**Task goal**
Reproduce the listing below in full and exactly; no pictures belong in the copy.
[[ Dataset records open ]]
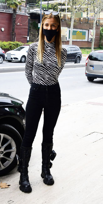 Aslı Turanlı, birçok cebi olan botunu soran basın mensuplarına, "Onlara dezenfekte spreyleri koyuyorum. Sosyal mesafeyi geçenlere sıkıyorum" diyerek espiri yaptı.
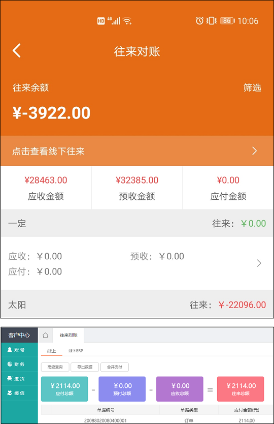 PC端、移動端客戶中xin新增客戶自查線上往來對賬,同時;移動端管理中xin新增業(yè)務(wù)員查詢管轄客戶線上往來對賬
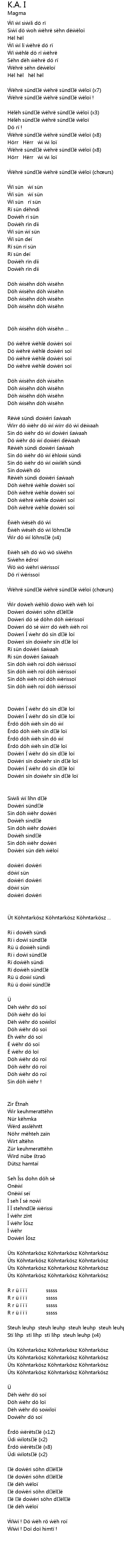 | Ẁëhrë sündᴧë ẁëhrë sündᴧë ẁëloï (chœurs) | |
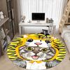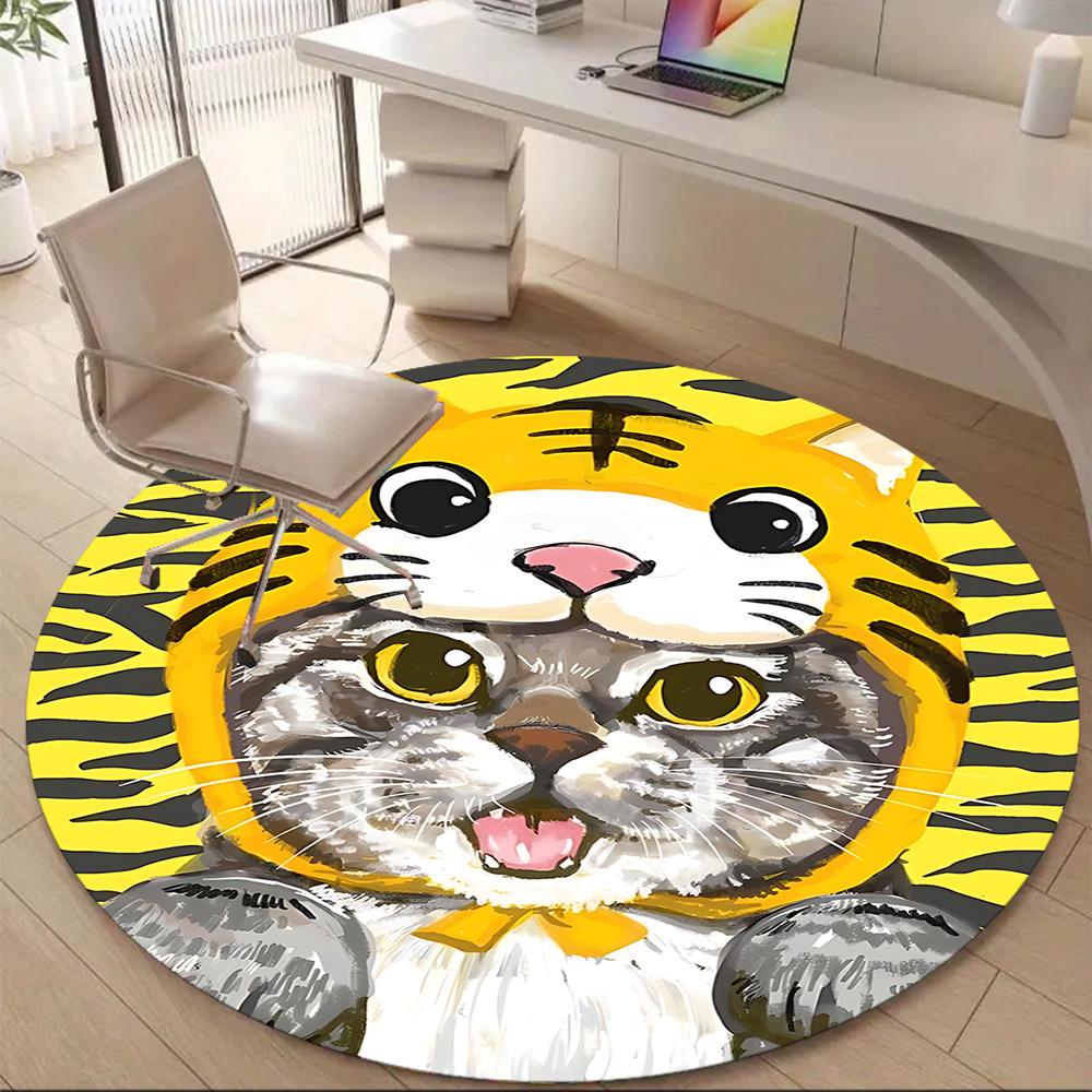1PC Tiger Cat Office Round Area Rug, Mat Suitable ForOffice, Under Office Chairs Bedroom Living Room Home Decor, Room Deco
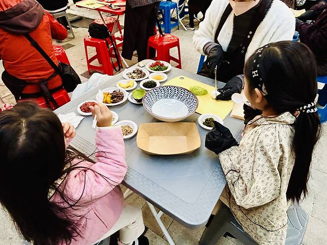 | ▲ 광천문화시장에서는 개장 100주년을 맞아 로컬푸드 축제인 '홍성 백반 페스타'가 지난 15일부터 열렸다. 주말인 16일 찾은 행사장에서는 어린이들이 가족과 함께 홍성의 다양한 식재료를 이용해 비빔밥을 만들고 있다. |
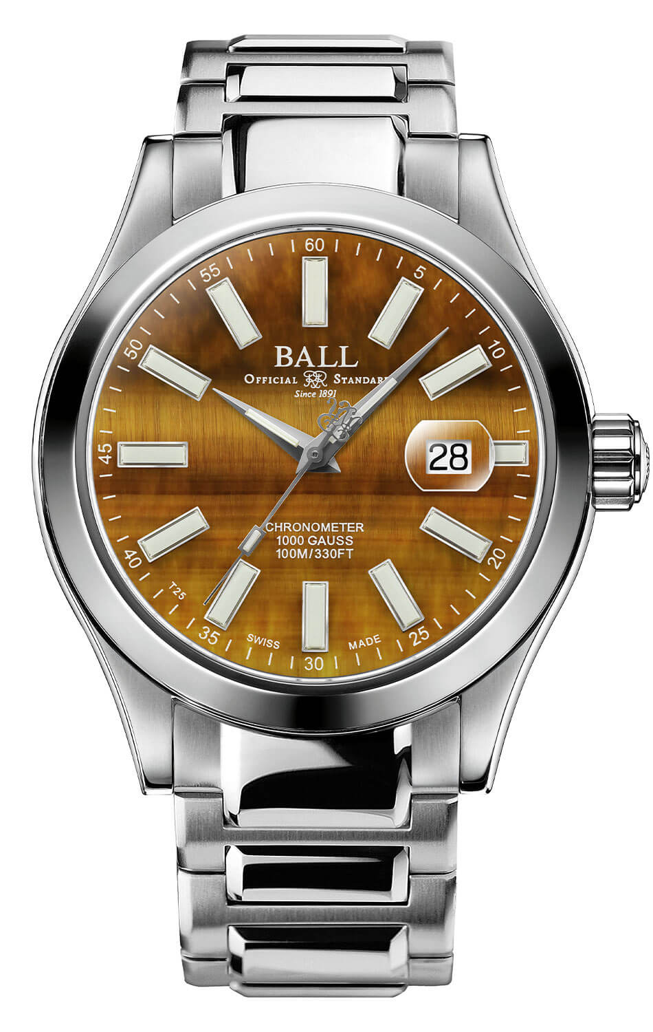 Číselník z tygřího oka je esencí vytříbeného stylu. Jeho zlatohnědé odlesky se třpytí ve světle a dodávají celému modelu jedinečný charakter – není to jen impozantní vizuální prvek, ale také symbol síly, odvahy a nezávislosti. Ručičky a indexy jsou vybaveny tritiovými mikrokapslemi, které svítí ve tmě bez nutnosti externího zdroje světla. V srdci hodinek pracuje švýcarský automatický strojek, jehož přesnost potvrzuje certifikát COSC. Navíc je mechanismus chráněn systémem Amortiser®, který zajišťuje odolnost proti nárazům až do 5000Gs, což činí tento model spolehlivým i v těch nejnáročnějších podmínkách.
[[ Dataset records closed ]]
**Completed task**
 Aslı Turanlı, birçok cebi olan botunu soran basın mensuplarına, "Onlara dezenfekte spreyleri koyuyorum. Sosyal mesafeyi geçenlere sıkıyorum" diyerek espiri yaptı.
 PC端、移動端客戶中xin新增客戶自查線上往來對賬,同時;移動端管理中xin新增業(yè)務(wù)員查詢管轄客戶線上往來對賬
 | Ẁëhrë sündᴧë ẁëhrë sündᴧë ẁëloï (chœurs) | |
1PC Tiger Cat Office Round Area Rug, Mat Suitable ForOffice, Under Office Chairs Bedroom Living Room Home Decor, Room Deco
 | ▲ 광천문화시장에서는 개장 100주년을 맞아 로컬푸드 축제인 '홍성 백반 페스타'가 지난 15일부터 열렸다. 주말인 16일 찾은 행사장에서는 어린이들이 가족과 함께 홍성의 다양한 식재료를 이용해 비빔밥을 만들고 있다. |
 Číselník z tygřího oka je esencí vytříbeného stylu. Jeho zlatohnědé odlesky se třpytí ve světle a dodávají celému modelu jedinečný charakter – není to jen impozantní vizuální prvek, ale také symbol síly, odvahy a nezávislosti. Ručičky a indexy jsou vybaveny tritiovými mikrokapslemi, které svítí ve tmě bez nutnosti externího zdroje světla. V srdci hodinek pracuje švýcarský automatický strojek, jehož přesnost potvrzuje certifikát COSC. Navíc je mechanismus chráněn systémem Amortiser®, který zajišťuje odolnost proti nárazům až do 5000Gs, což činí tento model spolehlivým i v těch nejnáročnějších podmínkách.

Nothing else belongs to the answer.